### Information supplied
#####

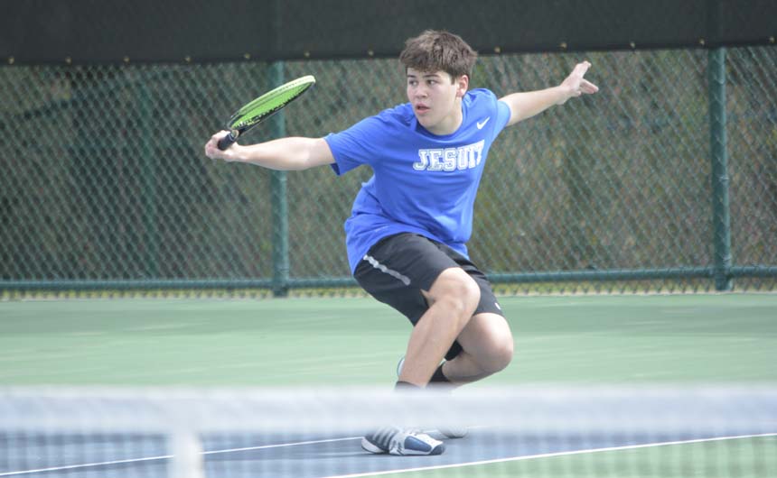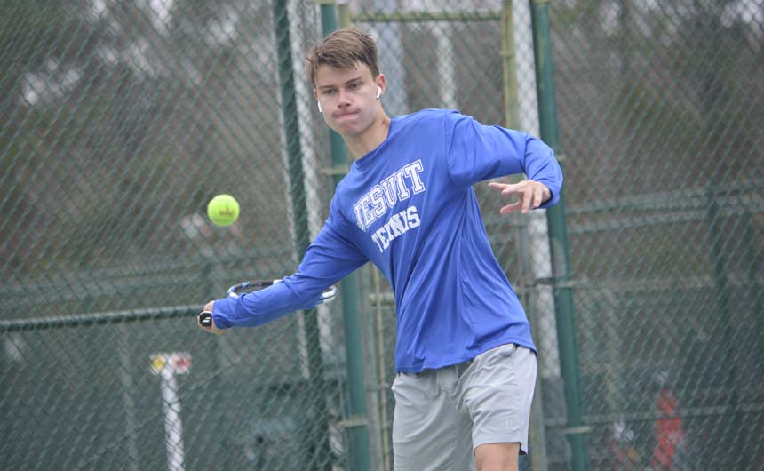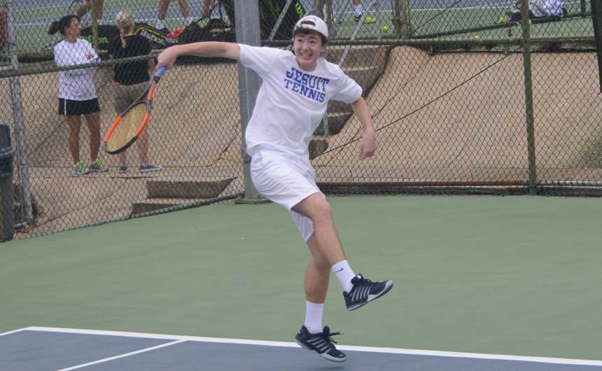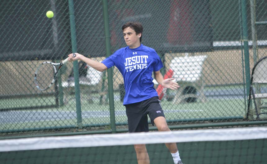 Jesuit’s A-team, which was placed in the top draw, won its opener against Jackson Academy (Mississippi), sweeping the six singles and three doubles matches for a 9-0 shutout and ensuring a spot in the top eight overall. But the sledding got a little rougher from there, as the Jays then dropped three hard-fought decisions to Strake Jesuit (Houston), Niceville (Florida), and Ocean Springs (Mississippi), all by scores of 6-3.
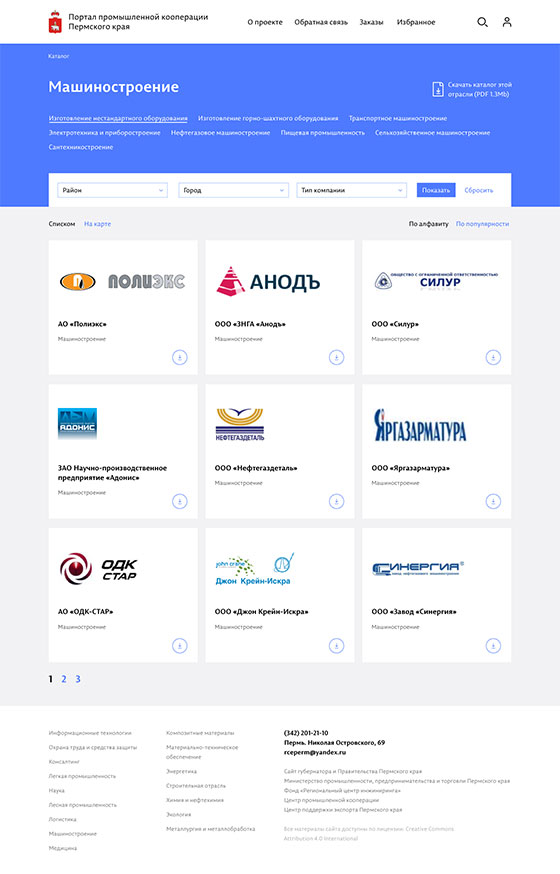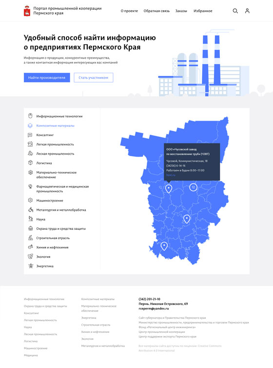 Каталог разделен на отрасли. Нужную компанию можно выбрать из списка, либо найти на карте. Мы учли возможность поиска по профилю компании, географическому положению и тегам. Например, пишете в поиске «шины» и видите все предприятия, которые производят шины.
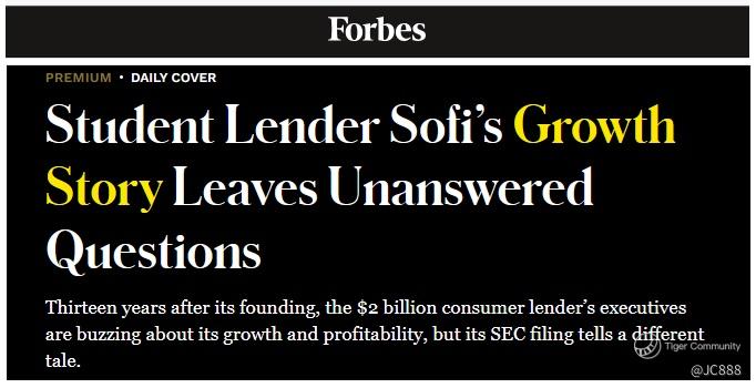 When I came across the Forbes’s post “Student Lender Sofi’s Growth Story Leaves Unanswered Questions“, I thought it would be another thought provoking read that will uncover more juicy secrets or a different viewpoint on US fintech stock $SoFi Technologies Inc.(SOFI)$.
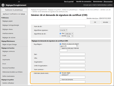 Quand <RSA> est sélectionné : <Longueur de la clé (bit)> : <512>, <1024>, <2048>, <4096> | Oui | Oui | Oui | Non | - | |

#####

### Problem to solve
Repeat all the data as it stands, dropping any images it holds.

### Solution to the exercise
 Jesuit’s A-team, which was placed in the top draw, won its opener against Jackson Academy (Mississippi), sweeping the six singles and three doubles matches for a 9-0 shutout and ensuring a spot in the top eight overall. But the sledding got a little rougher from there, as the Jays then dropped three hard-fought decisions to Strake Jesuit (Houston), Niceville (Florida), and Ocean Springs (Mississippi), all by scores of 6-3.
 Каталог разделен на отрасли. Нужную компанию можно выбрать из списка, либо найти на карте. Мы учли возможность поиска по профилю компании, географическому положению и тегам. Например, пишете в поиске «шины» и видите все предприятия, которые производят шины.
 When I came across the Forbes’s post “Student Lender Sofi’s Growth Story Leaves Unanswered Questions“, I thought it would be another thought provoking read that will uncover more juicy secrets or a different viewpoint on US fintech stock $SoFi Technologies Inc.(SOFI)$.
 Quand <RSA> est sélectionné : <Longueur de la clé (bit)> : <512>, <1024>, <2048>, <4096> | Oui | Oui | Oui | Non | - | |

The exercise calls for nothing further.